▶ Task details:
Return the data below unchanged, without images.

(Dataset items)
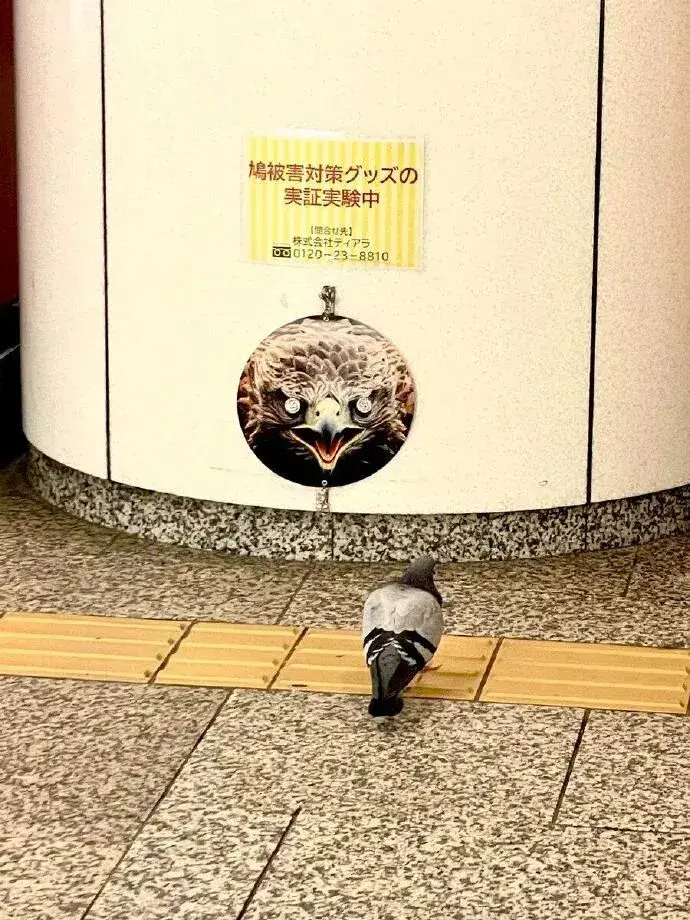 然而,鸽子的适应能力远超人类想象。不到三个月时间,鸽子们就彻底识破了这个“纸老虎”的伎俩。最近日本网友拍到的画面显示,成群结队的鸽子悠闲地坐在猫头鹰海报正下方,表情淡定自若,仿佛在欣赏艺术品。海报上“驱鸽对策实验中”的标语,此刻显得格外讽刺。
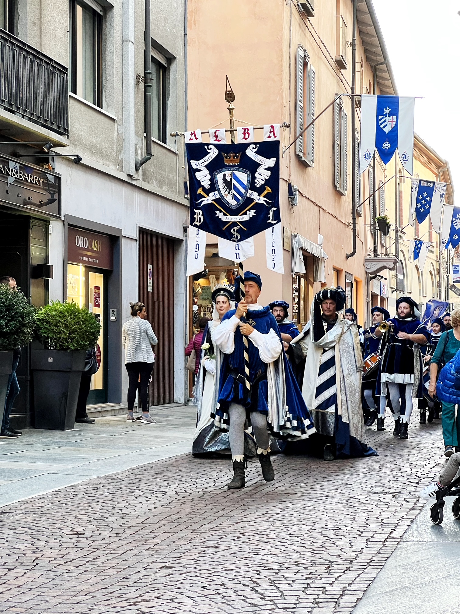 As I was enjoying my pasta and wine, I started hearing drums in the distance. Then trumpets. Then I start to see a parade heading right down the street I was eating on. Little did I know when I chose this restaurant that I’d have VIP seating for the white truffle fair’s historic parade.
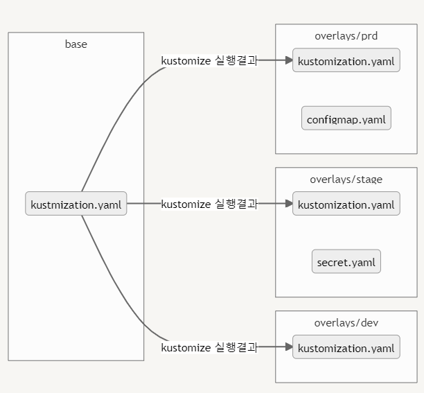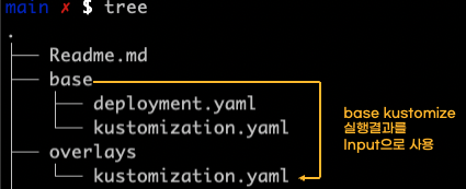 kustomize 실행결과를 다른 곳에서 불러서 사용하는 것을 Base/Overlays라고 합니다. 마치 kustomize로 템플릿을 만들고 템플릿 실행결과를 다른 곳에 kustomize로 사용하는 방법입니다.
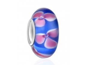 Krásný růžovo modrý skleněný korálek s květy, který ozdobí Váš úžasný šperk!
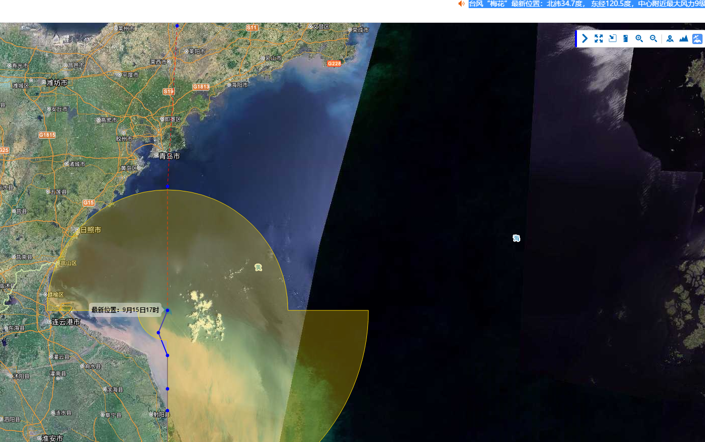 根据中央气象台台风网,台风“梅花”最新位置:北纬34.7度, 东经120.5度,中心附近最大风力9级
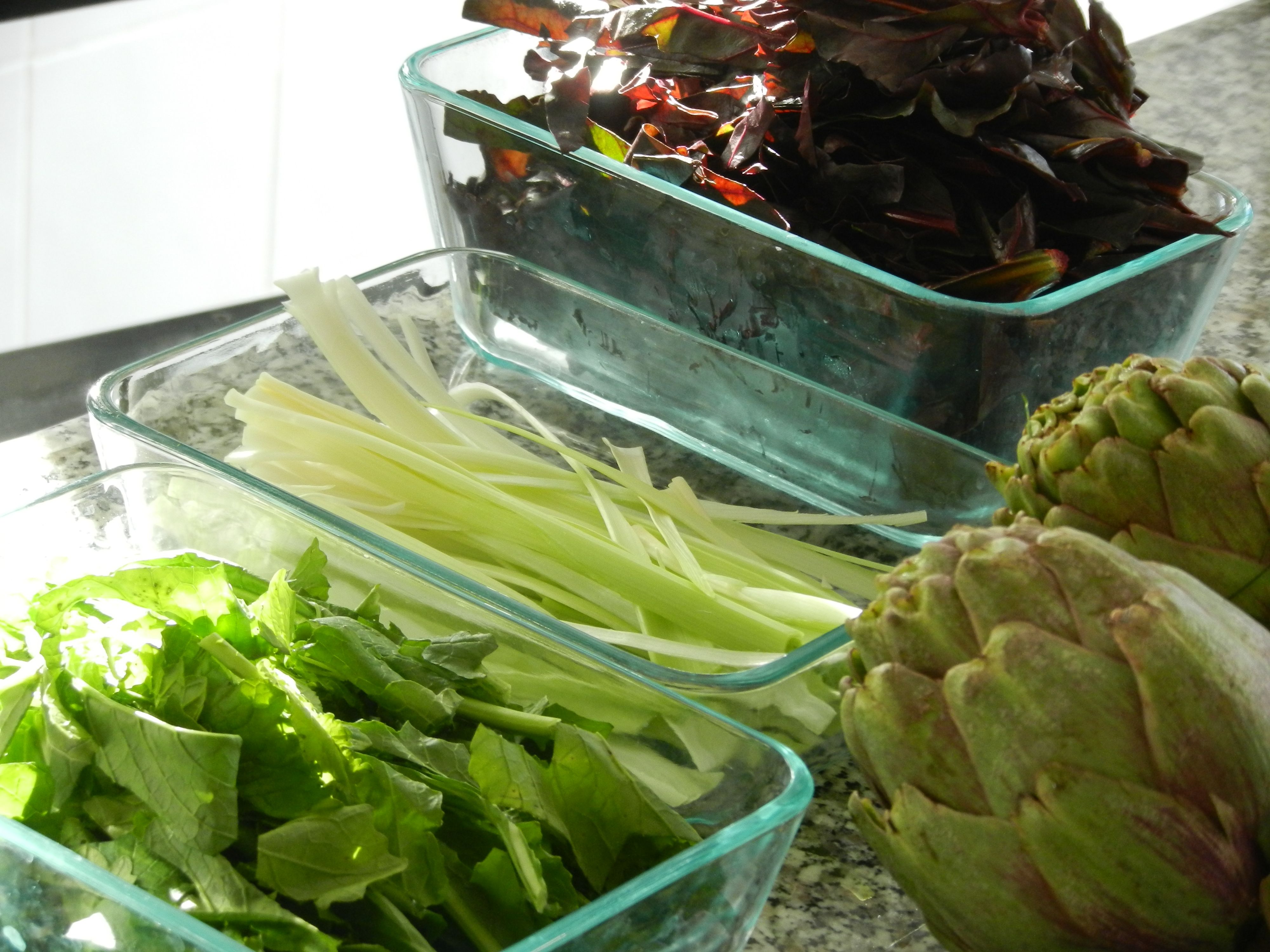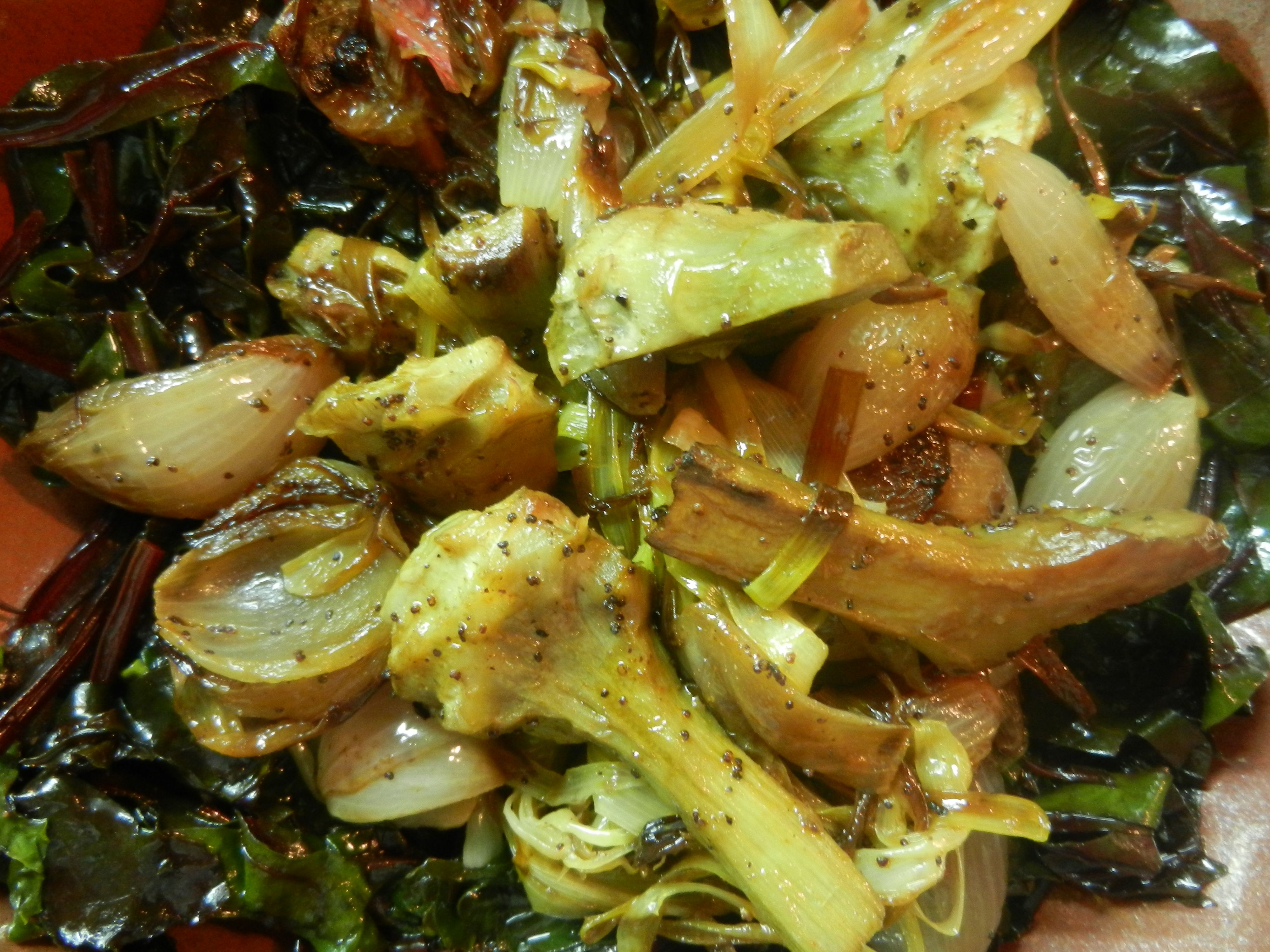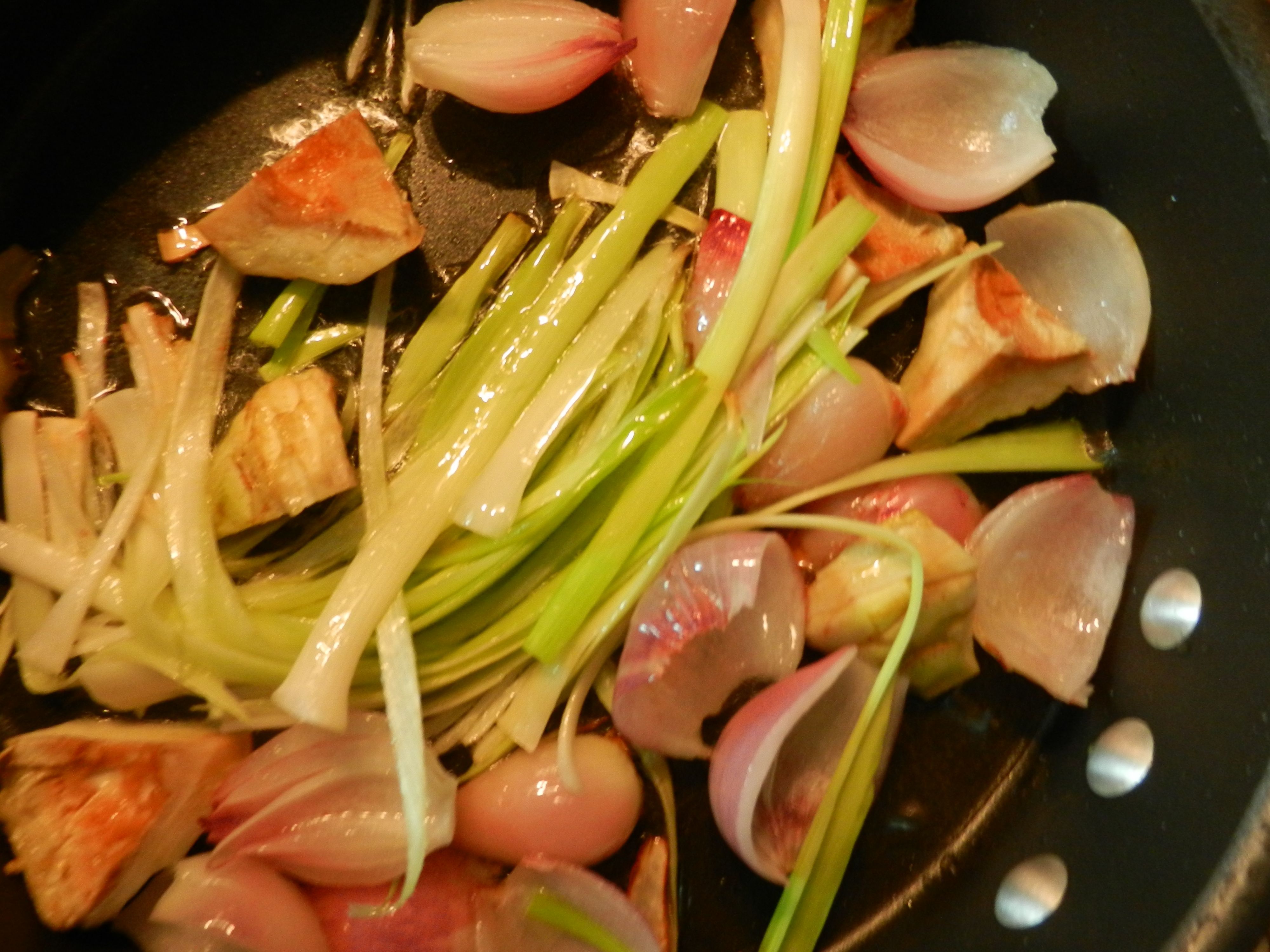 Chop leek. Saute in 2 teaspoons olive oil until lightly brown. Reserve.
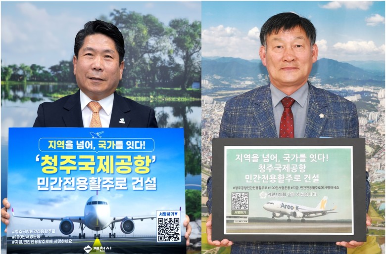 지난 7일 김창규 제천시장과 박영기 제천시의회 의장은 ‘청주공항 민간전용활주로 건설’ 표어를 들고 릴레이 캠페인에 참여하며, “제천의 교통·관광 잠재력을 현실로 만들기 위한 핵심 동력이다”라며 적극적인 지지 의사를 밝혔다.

▶ Finished exercise:
 然而,鸽子的适应能力远超人类想象。不到三个月时间,鸽子们就彻底识破了这个“纸老虎”的伎俩。最近日本网友拍到的画面显示,成群结队的鸽子悠闲地坐在猫头鹰海报正下方,表情淡定自若,仿佛在欣赏艺术品。海报上“驱鸽对策实验中”的标语,此刻显得格外讽刺。
 As I was enjoying my pasta and wine, I started hearing drums in the distance. Then trumpets. Then I start to see a parade heading right down the street I was eating on. Little did I know when I chose this restaurant that I’d have VIP seating for the white truffle fair’s historic parade.
 kustomize 실행결과를 다른 곳에서 불러서 사용하는 것을 Base/Overlays라고 합니다. 마치 kustomize로 템플릿을 만들고 템플릿 실행결과를 다른 곳에 kustomize로 사용하는 방법입니다.
 Krásný růžovo modrý skleněný korálek s květy, který ozdobí Váš úžasný šperk!
 根据中央气象台台风网,台风“梅花”最新位置:北纬34.7度, 东经120.5度,中心附近最大风力9级
 Chop leek. Saute in 2 teaspoons olive oil until lightly brown. Reserve.
 지난 7일 김창규 제천시장과 박영기 제천시의회 의장은 ‘청주공항 민간전용활주로 건설’ 표어를 들고 릴레이 캠페인에 참여하며, “제천의 교통·관광 잠재력을 현실로 만들기 위한 핵심 동력이다”라며 적극적인 지지 의사를 밝혔다.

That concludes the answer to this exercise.